De schuifdeuren piepen een beetje als ze binnengaan. Ongemerkt de bibliotheek betreden lukt alvast ook niet meer. Ze kijken in het rond. Het is geen grote bibliotheek en ze zien meteen dat er niemand aanwezig is. Alleen vooraan zit een grote oude man aan een bureau. 'Wally' staat er op zijn naamkaartje. Is dat een echte naam? Hij kijkt hen nors aan.
'Kan ik jullie helpen?'
Ides wil zeggen dat hij zich niets van hen hoeft aan te trekken. Hoe minder mensen met hen bezig zijn, hoe beter. Maar Alice is hem voor.

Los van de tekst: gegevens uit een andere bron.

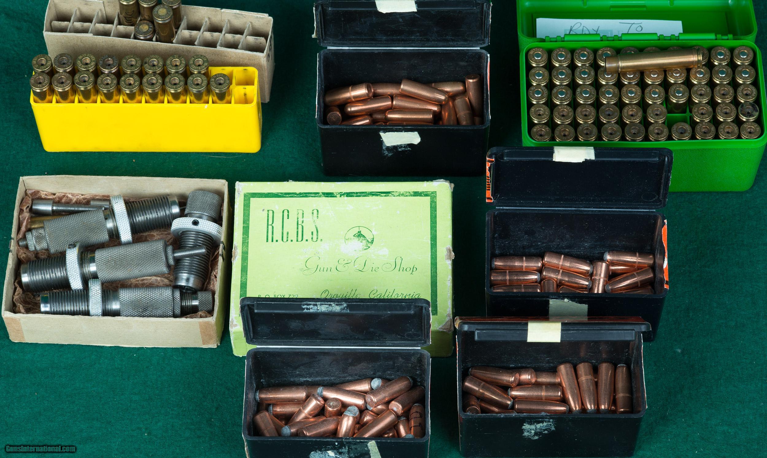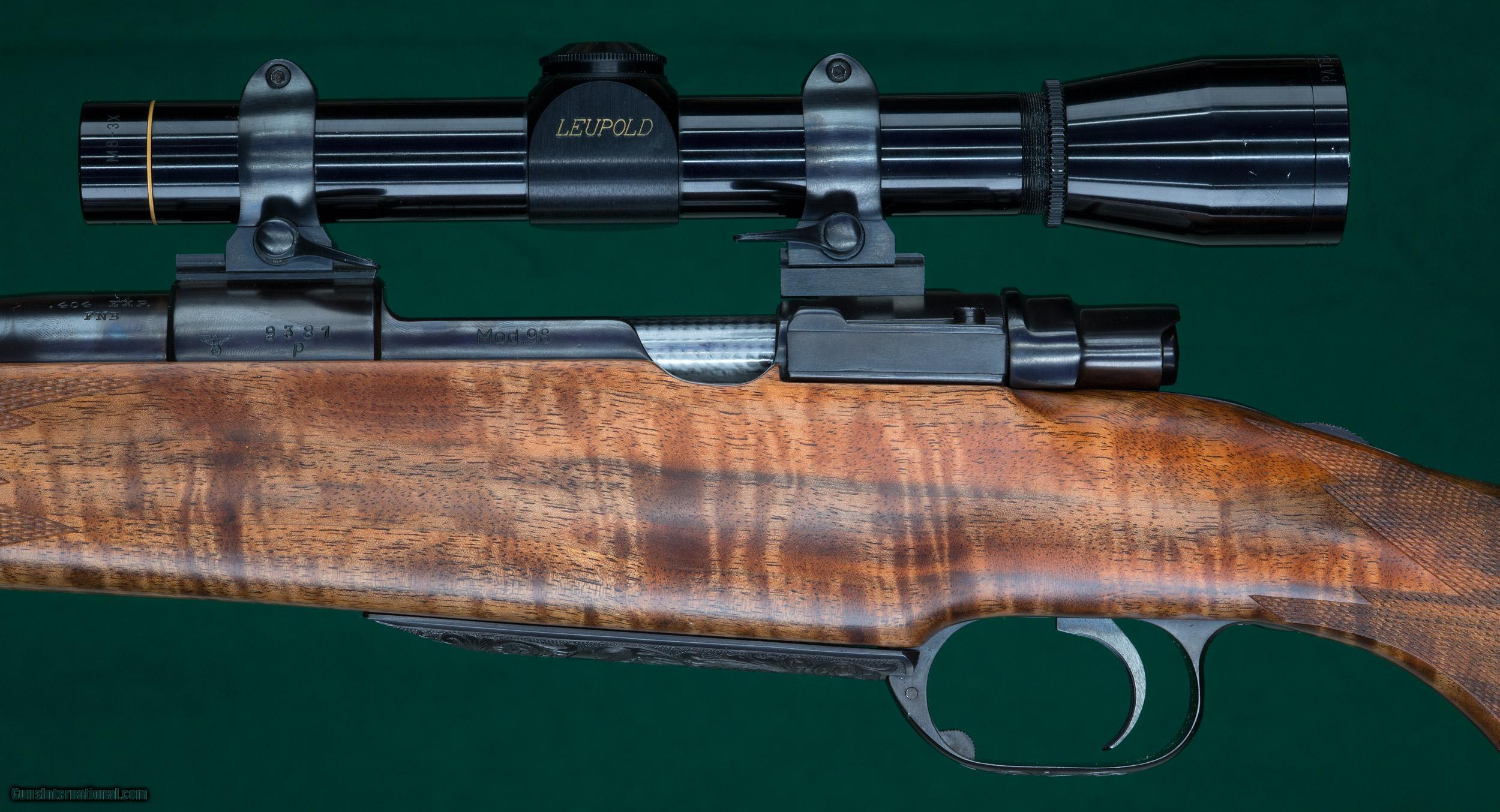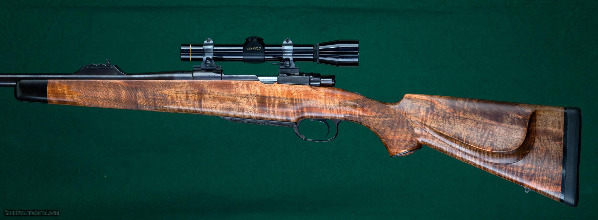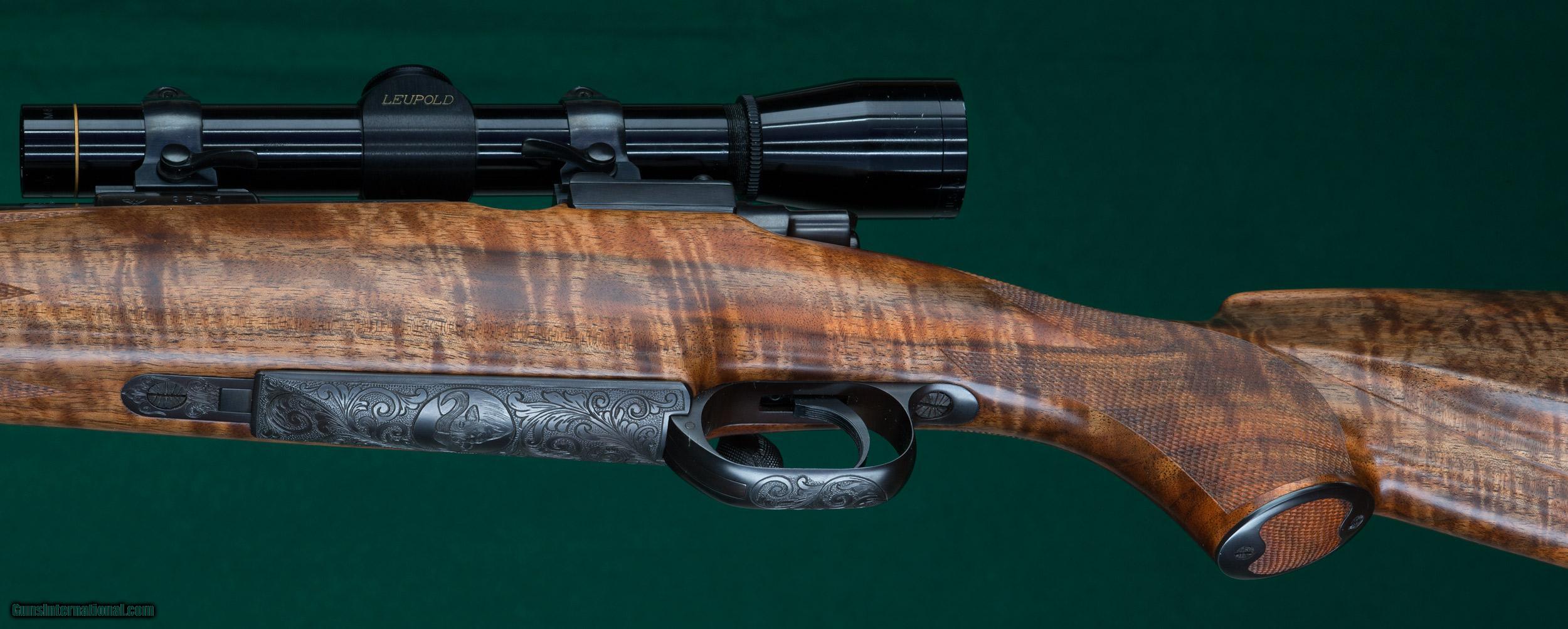 Description: 22" tapered round, lugged barrel with hooded ramp front sight and flip-up twilight bead, full-band swivel base, 1 standing and 2 folding island-mounted express sights marked for 100, 200 & 300 yards. Stocked with fully-figured Bastogne Walnut, including ebony forend tip, classic borderless point-pattern checkering (wrapping fully under the forend), barrel tie-down, discreet glassbedding, steel skeleton pistol grip cap (checkered within), beaded cheekpiece, inletted rear swivel stud and black Decelerator recoil pad. Mauser 98 action with jeweled bolt and follower, 3-panel checkered bolt knob, custom top tang safety, Canjar trigger, and hinged straddle floorplate with release inside triggerguard. Floral scroll engraved bottom metal and with cape buffalo head on floorplate. Leupold M8-3x scope on Kimber quick-detachable mounts. Weight: 9lbs, 6oz. Pull: 14 1/4". Built 1980 for Fred Barnes in conjunction with his development of the cartridge---.458 Winchester, necked down to .404 calibre. Described in both Ackley & Donnelly. With custom RCBS dies, plenty of brass and (Barnes, of course) bullets. 99% blue and excellent bore. SOLD |
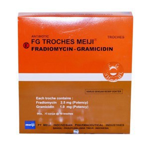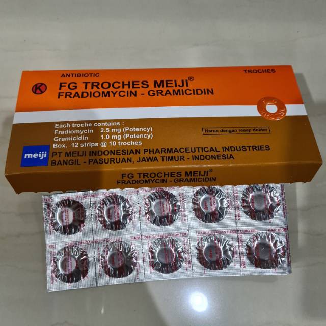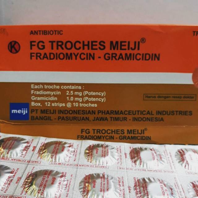 Khasiat fradiomycin-gramicidin. Fradiomycin Gramicidin Meiji FG TROCHES MEIJI Obat ini termasuk jenis tablet hisap jadi tentu saja rasanya tidak pahit. FG Troches Meiji Indonesia FG Troches mengandung antibiotik yaitu fradiomycin dan gramicidin S oleh karena itu disingkat FG. FG Troches Fradiomycin Gramicidin-S HCl 10 Tablet Hisap 1 Setrip Rp 27330 strip.
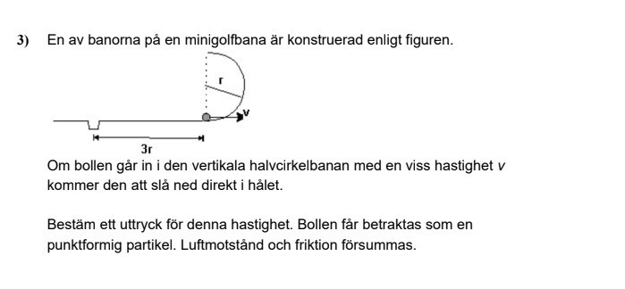 Räkna bakifrån. När bollen lämnar halvcirkeln upptill, vilken hastighet v2 ska den ha för att landa i hålet?
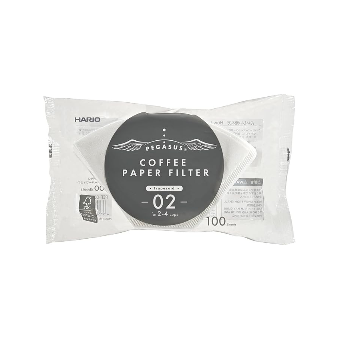 HARIO PEF-02-100W Pegasus Coffee Paper Filter, 02W, White, 2-4 Cups, 100 Pieces, Made in Japan
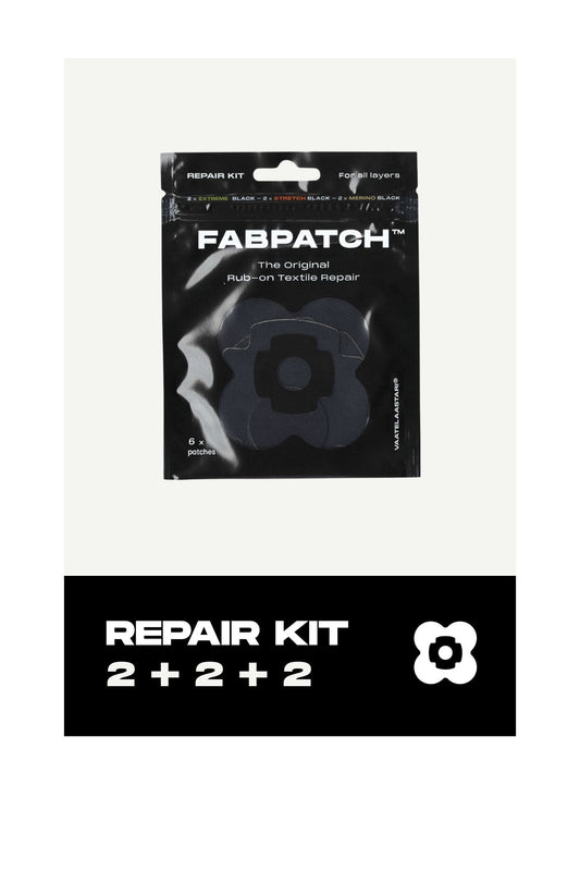 FabPatch™ Textile repair kit on täydellinen valinta mukaan matkoille ja seikkailuun. Repair kitin hankaamalla kiinnittyvillä paikoilla korjaat monipuolisesti vaatteet ja varusteet, jopa heti paikan päällä!
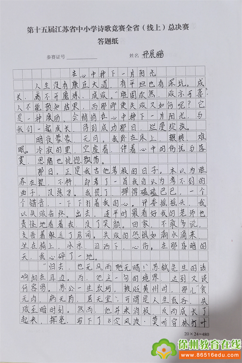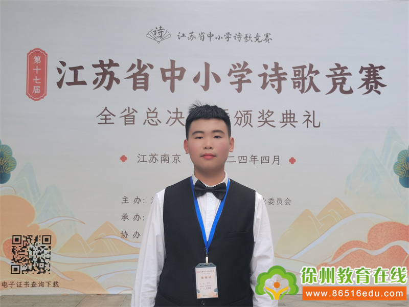 苏公网安备 32031102000486号2024年4月14日,徐州市铜山区房村镇中心小学六(1)班邢展鹏同学代表徐州决赛金陵,荣获第十七届江苏省中小学诗歌竞赛总决赛小学组特等奖,同时荣获“诗歌之星”,实现房村镇中心小学在省诗歌大赛总决赛中“四冠王”目标。
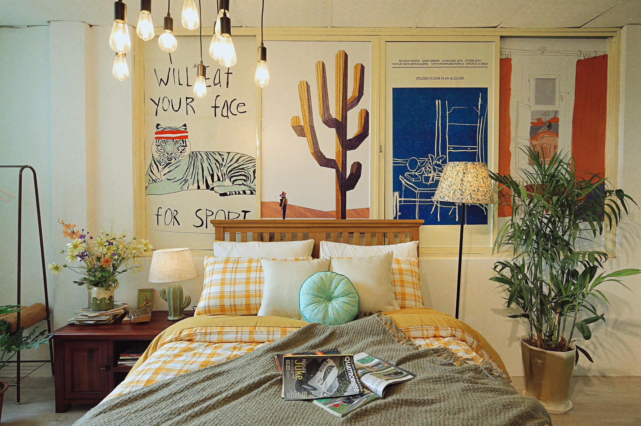 Điều chị tâm đắc nhất là bức tường treo tivi và góc đầu giường theo style Hàn nhưng rực rỡ hơn.

'We kijken gewoon wat rond. Heeft u toevallig een jongen zien binnenkomen?'
Wally kijkt hen onderzoekend aan en richt zich dan weer op het boek dat voor hem ligt.
'Ik heb niemand gezien.'
6
'Hij liegt!' zegt Alice als ze weer buiten staan. 'Hij moet Aster hebben gezien!'
'Waarom zou hij liegen?' vraagt Ides. 'Hij gaat Aster toch niet verbergen?'
Hij staart naar de bibliotheek. Er is maar één ingang, dus Aster moet daar nog ergens binnen zijn.
Wanneer Ides naar boven kijkt, ziet hij een camera hangen. Die filmt de deur en de straat.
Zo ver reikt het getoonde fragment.